Prompt :: Aside from the pictures, copy the listing exactly.

Data shown ::
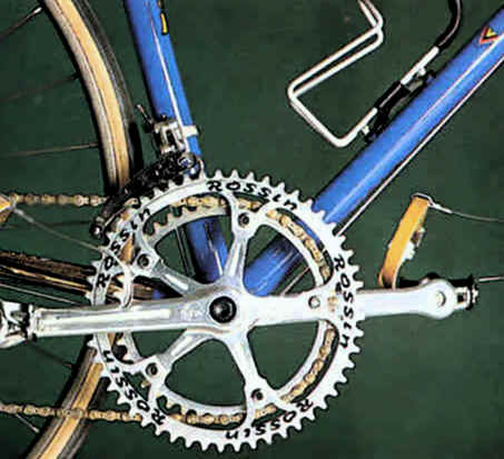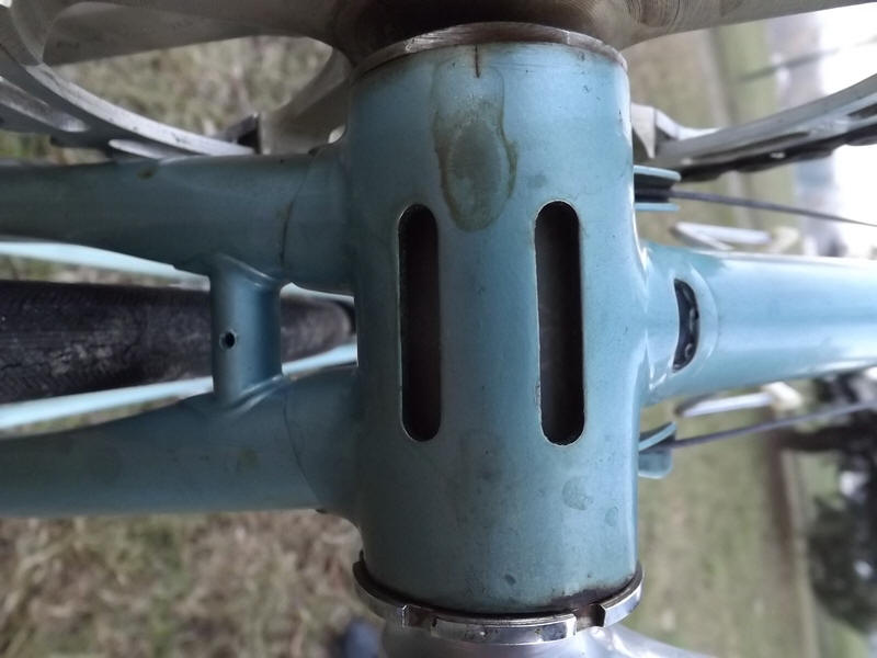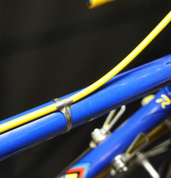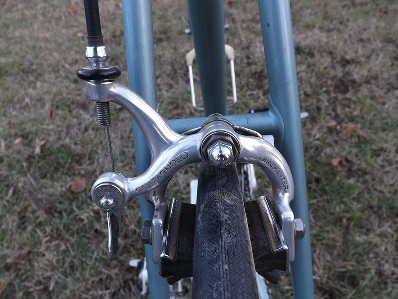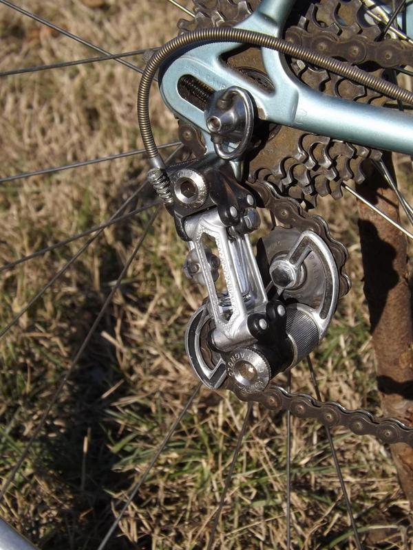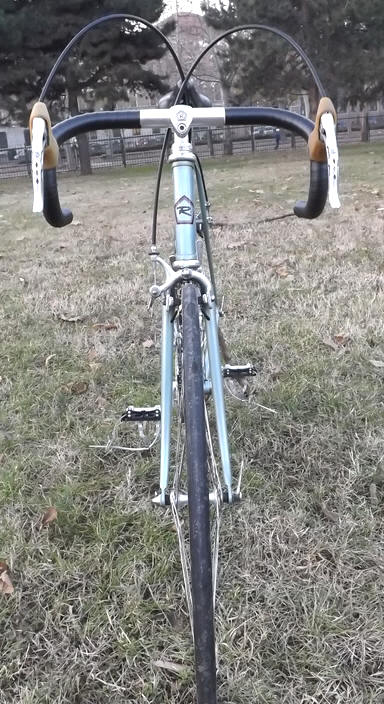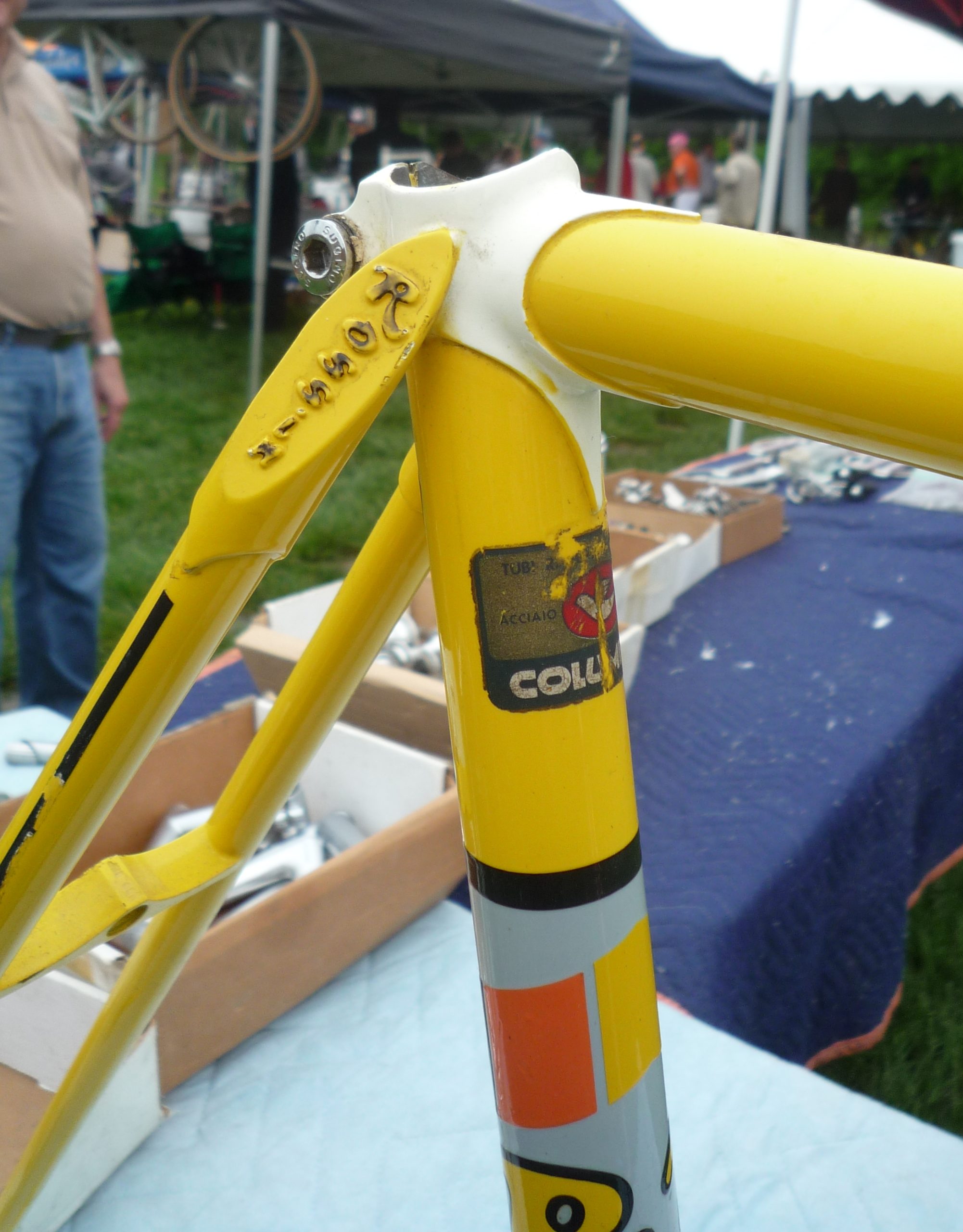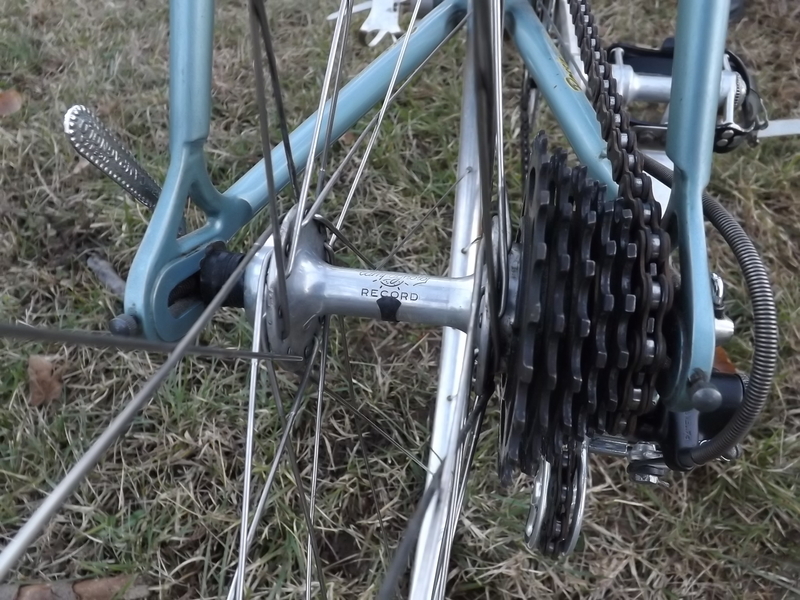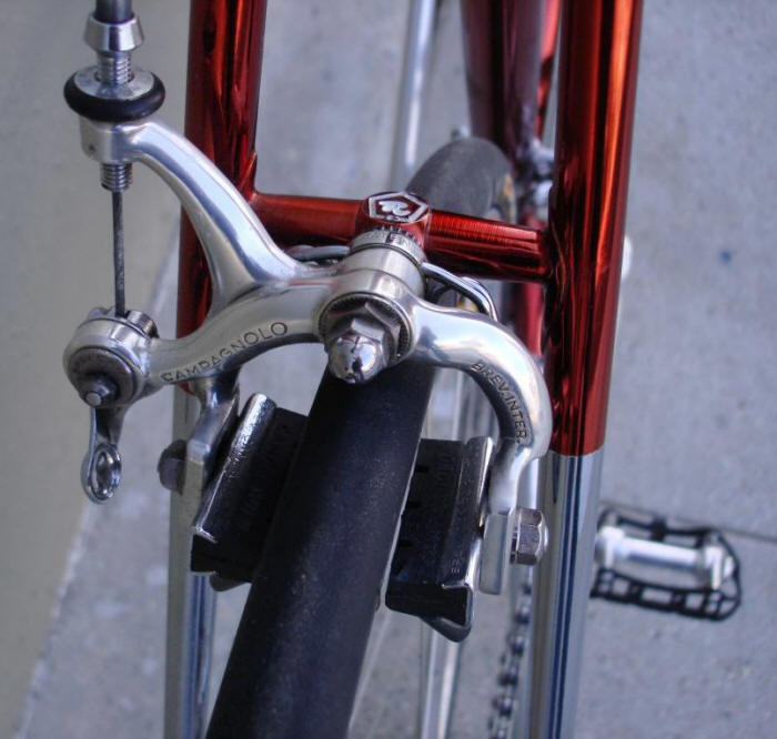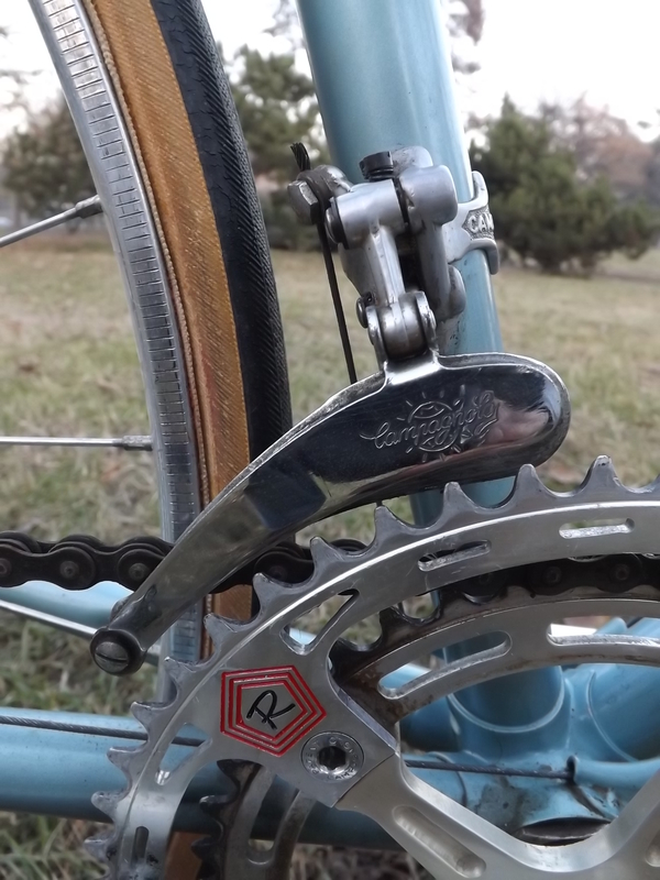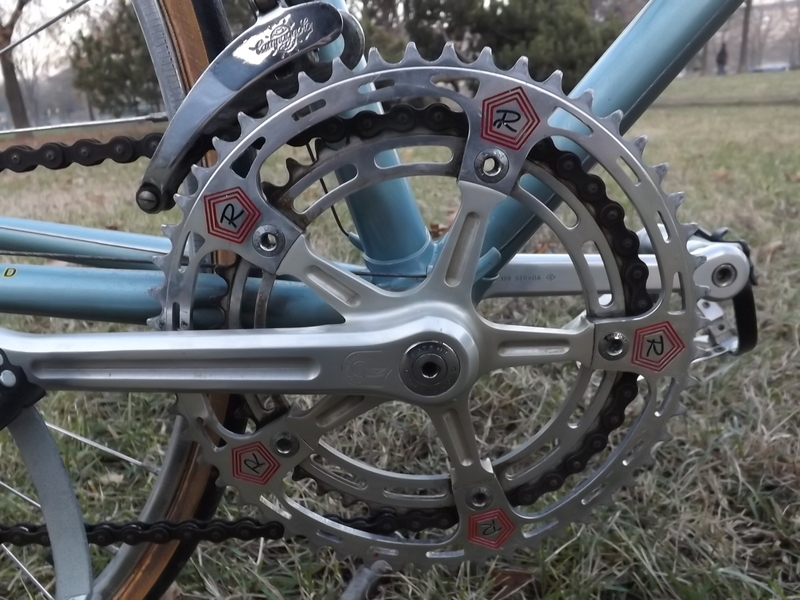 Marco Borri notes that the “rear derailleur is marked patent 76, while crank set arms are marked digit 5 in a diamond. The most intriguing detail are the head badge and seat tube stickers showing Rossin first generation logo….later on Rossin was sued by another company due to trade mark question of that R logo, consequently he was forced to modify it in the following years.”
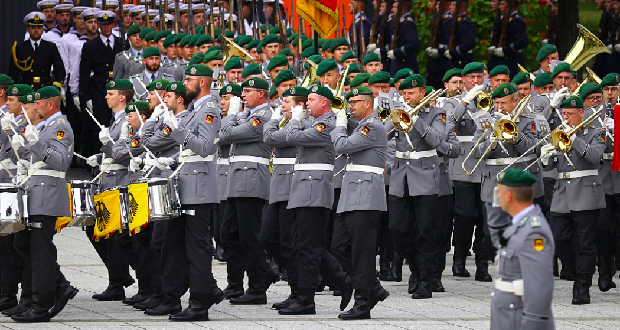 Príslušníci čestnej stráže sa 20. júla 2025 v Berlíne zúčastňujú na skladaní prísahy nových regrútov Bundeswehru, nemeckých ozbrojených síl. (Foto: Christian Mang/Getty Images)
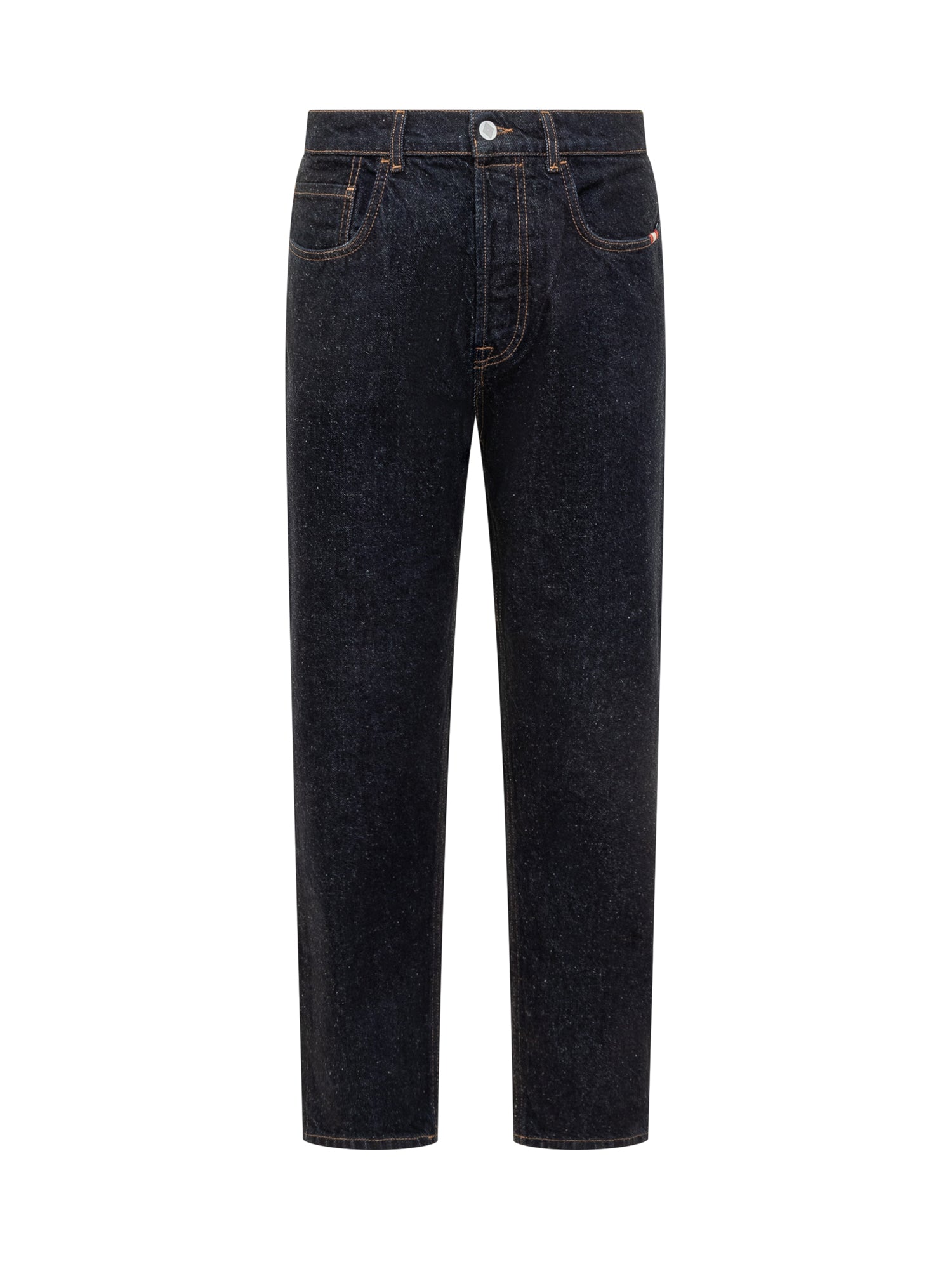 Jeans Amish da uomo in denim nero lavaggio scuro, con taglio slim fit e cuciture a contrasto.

Exercise answer ::
 Marco Borri notes that the “rear derailleur is marked patent 76, while crank set arms are marked digit 5 in a diamond. The most intriguing detail are the head badge and seat tube stickers showing Rossin first generation logo….later on Rossin was sued by another company due to trade mark question of that R logo, consequently he was forced to modify it in the following years.”
 Príslušníci čestnej stráže sa 20. júla 2025 v Berlíne zúčastňujú na skladaní prísahy nových regrútov Bundeswehru, nemeckých ozbrojených síl. (Foto: Christian Mang/Getty Images)
 Jeans Amish da uomo in denim nero lavaggio scuro, con taglio slim fit e cuciture a contrasto.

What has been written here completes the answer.